I’m not sure, if the code you’ve posted is still the currently used one, but it seems to be that you should pass targets_layers as a list of strings.

I think you are not using multiple GPUs, since you are never calling the model itself (and thus its forward method), but split the call into submodules and call them in a loop.
Could you try to call net(input) and check the GPU utilizations?

Sorry to reply late. Yeah, I passed string actually, like: [‘40’].

The shape between the m_o.gradients and net.features[40] is different.

Yes, you’re right. I didn’t call net(input) directly. How can I use multiple GPUs using ModelOutput? Inheriting class nn.Module and define a forward function?

I’m not sure, why the shapes differ, but apparently the wrong gradients are stored.
Here is a small dummy example using vgg16:

grads = []
def save_grad(grad):

# Create model
model = models.vgg16()

# First approach
x = torch.randn(1, 3, 224, 224)
output = model.features(x)
output.register_hook(lambda x: save_grad(x))
output = model.avgpool(output)
output = output.view(output.size(0), -1)
output = model.classifier(output)

# Reset

# Second approach
output = x.clone()
for name, module in model.features._modules.items():
    output = module(output)
    if '30' in name:
        output.register_hook(lambda x: save_grad(x))

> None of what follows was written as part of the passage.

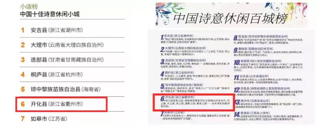 近日,《小康》雜志社聯合國家信息中心,并會同有關專家及機構,對“2019中國休閑小康指數”進行了調查。調查揭曉了“中國詩意休閑百城榜”,在入選的100座小城中,開化縣在“中國十佳詩意休閑小城榜”上排名第六,在“中國詩意休閑百城榜”上居第6位。

output = model.avgpool(output)
output = output.view(output.size(0), -1)
output = model.classifier(output)

# Compare gradients
print((grads[0] == grads[1]).all())
> tensor(1, dtype=torch.uint8)

I tried to stick to your approach and as you can see, both methods yield the same gradients.

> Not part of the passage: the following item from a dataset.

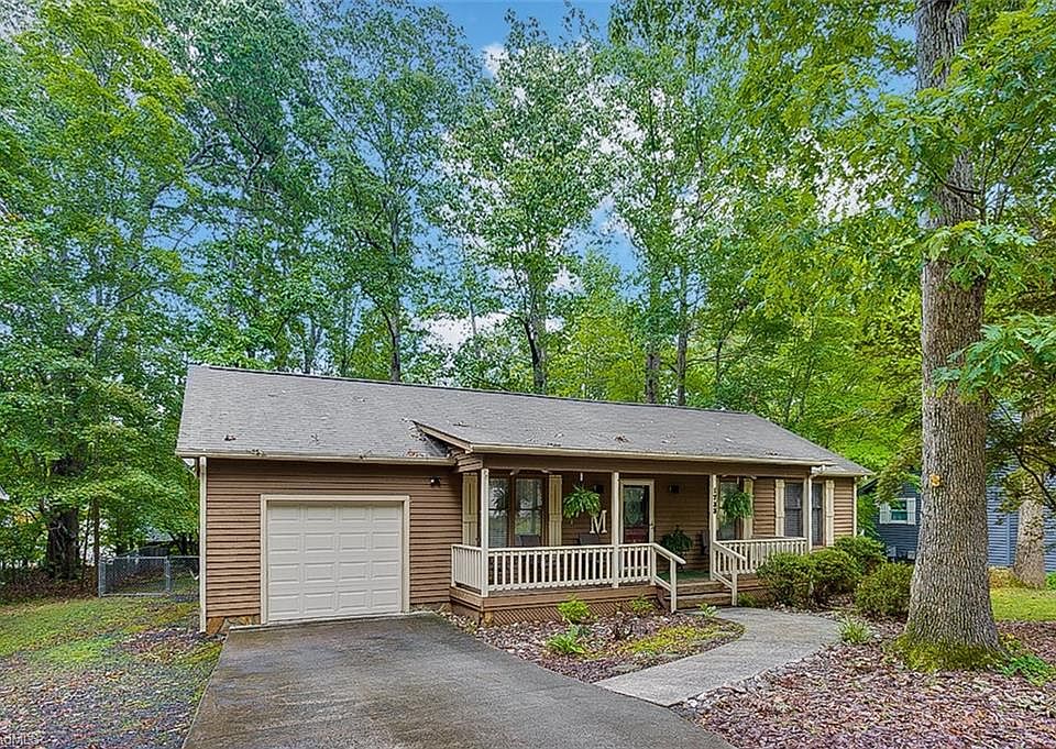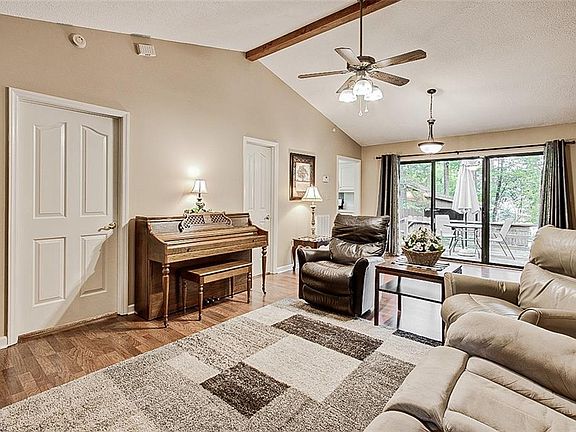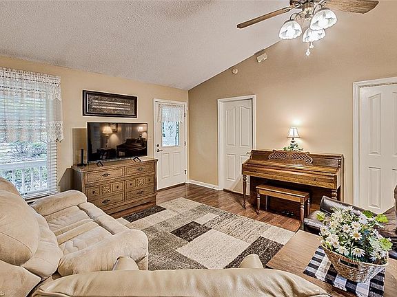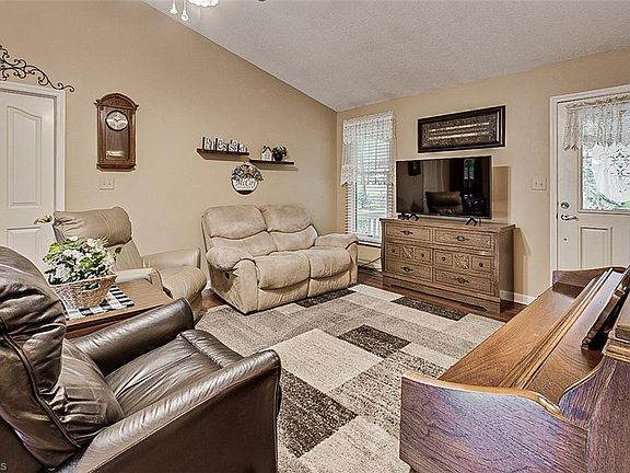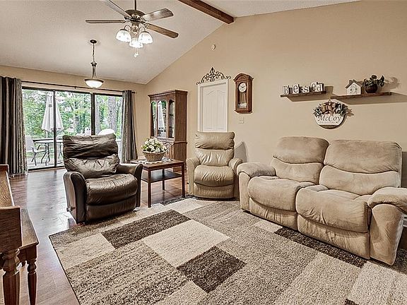 Charming well maintained home! Great room features vaulted ceiling & opens to the dining room. Nice eat-in kitchen with pantry & all stainless appliances remaining, including refrigerator. Laundry room has granite counter, storage cabinets/shelving & stackable washer/dryer remains. Both bedrooms feature an adjoining bath! Enjoy the evenings on the covered front porch or out back on the tiered deck overlooking the fenced in back yard! Great space for storage in the wired building with shed. Roof replaced on house & building in 2023. Single garage & paved drive. Fantastic location!

I guess data parallel isn’t being used, since you are not calling the model directly, but each submodule.
This might be related to this issue.

Thanks for your quick reply!

Yes, with register_hood. Both method yield the same gradients. Before this, I have tried:

I think the gradients of ModelOutputs(net, layer=40) is different from net.features[40].weight.grad.

That might be the case and I suspect you might be registering the weight parameter and overriding it with the bias parameter later, since both will match the condition.
Could you check the shape and see, if you are in fact storing the bias gradient?

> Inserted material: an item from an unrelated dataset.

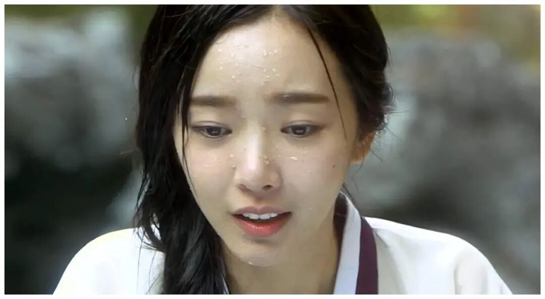 还有这样的,黑长发挽在一侧,脸上有着水滴,眼神中充满着丰富的情感。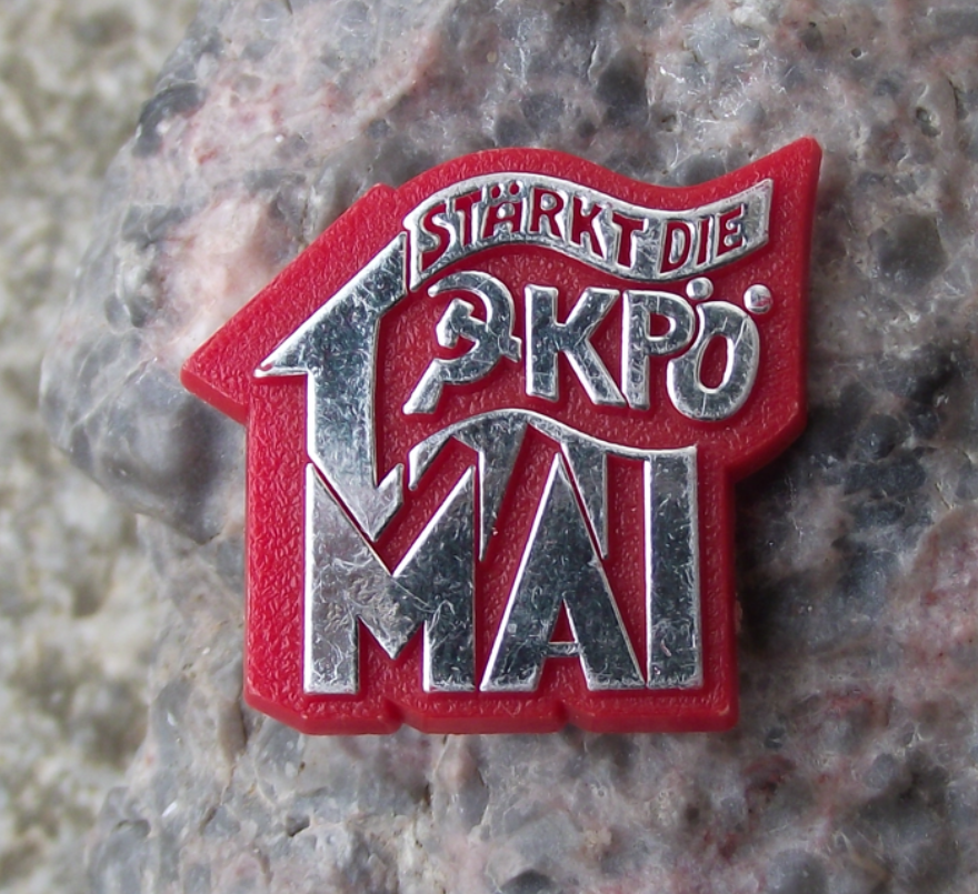 - This is a rare red coloured plastic badge from the Austrian May Day celebrations. Featuring the silver text 'KPO STRENGTH MAY 1st'.

Hi, @ptrblck. I have checked the shape. The ConvNd weight.shape is defined as:

self.weight = Parameter(torch.Tensor(
out_channels, in_channels // groups, *kernel_size))

So the shape of features[40].weight.grad is the same as weight’s shape.

(Cout,Cin//groups, *kernel_size)

ModelOutputs(net, layer=40): shape: (N, Cout, Hout, Wout)
I think it explains why the shape is different. Am I right?